Por mais que se diga que essa coisa de discutir gênero ou desvendar o universo feminino já se esgotou, há sempre uma nova forma de contar uma nova história de mulheres

Fotos: Rubens Nemitz Jr.

Uma orquestra composta só de mulheres. Elas são as “Ladies Ensemble” de Curitiba. Um nome em inglês que diz tudo. No cotidiano, elas se nominam simplesmente de “Ladies”. E são mesmo. Mulheres competentes nas profissões que escolheram, educadas, estudiosas da música e na vida. Como bem diz o nome do grupo, cada uma delas é uma “lady” em particular.
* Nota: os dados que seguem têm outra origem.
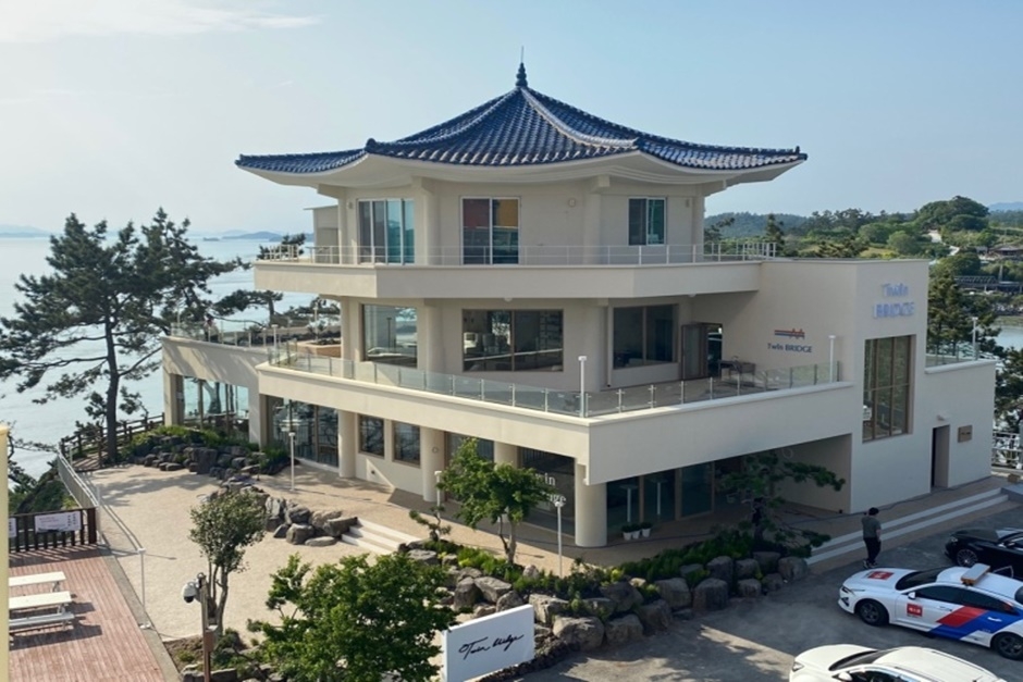 트윈브릿지는 진도대교와 울돌목 바로 옆 해남과 진도를 잇는 자리에 있다. 카페에서 울돌목과 쌍둥이 다리를 감상할 수 있어 트윈브릿지라는 이름 붙였다. 주말이면 2,000명이 방문하는 명소로 목포, 광주 등 가까운 도시에서 많이 찾으며 진도 관광객들의 방문도 이어진다. 카페 콘셉트를 제주도 휴양지로 잡고 휴양지 느낌이 날 수 있도록 시원하게 통창을 내 오션뷰가 펼쳐진다. 울돌목 회오리 풍경은 관광객들의 발길을 잡는 포인트다. 대표메뉴는 바닐라빈라떼이고 그 외 돌체라떼, 딸기라떼, 애플 오렌지 아이스 티, 오션레몬에이드, 애플망고에이드 등도 있다. 디저트 카페로 불릴 만큼 케이크, 빵 등 디저트류가 다양하게 준비되어 있고 인근에 이충무공승전공원, 울돌목스카이워크, 해양에너지공원 등이 있다. 반려동물은 동반이 불가능하다.

A qualidade do trabalho é indiscutível, porque todas são musicistas profissionais e cada uma é solista no seu naipe, o que no mundo da música erudita significa competência e preparo. São, na maioria, integrantes de instituições reconhecidas como a Orquestra Sinfônica do Paraná, Camerata Antiqua de Curitiba e Orquestra de Câmara da PUC. E formam um conjunto de alto quilate musical.

 

O começo

A ideia de formar uma orquestra só de mulheres começou a se desenhar faz muito tempo, quando a violista Fabíola Bach fazia parte da Orquestra Experimental de Repertório, em São Paulo, sob a regência do maestro Jamil Maluf. O convite partiu de uma grande indústria de cosméticos para uma tournée nacional onde só mulheres tocavam – e usavam os produtos de beleza da empresa patrocinadora. A primeira edição do projeto aconteceu em 1999. A partir dessa temporada, “as meninas da OER”, batizadas com o pomposo nome de Orquestra Filarmônica de Mulheres, acompanharam grandes nomes da música internacional como Sarah Vaughan, a jamaicana Diana King, Kiri Te Kanawa e Sarah Brightman.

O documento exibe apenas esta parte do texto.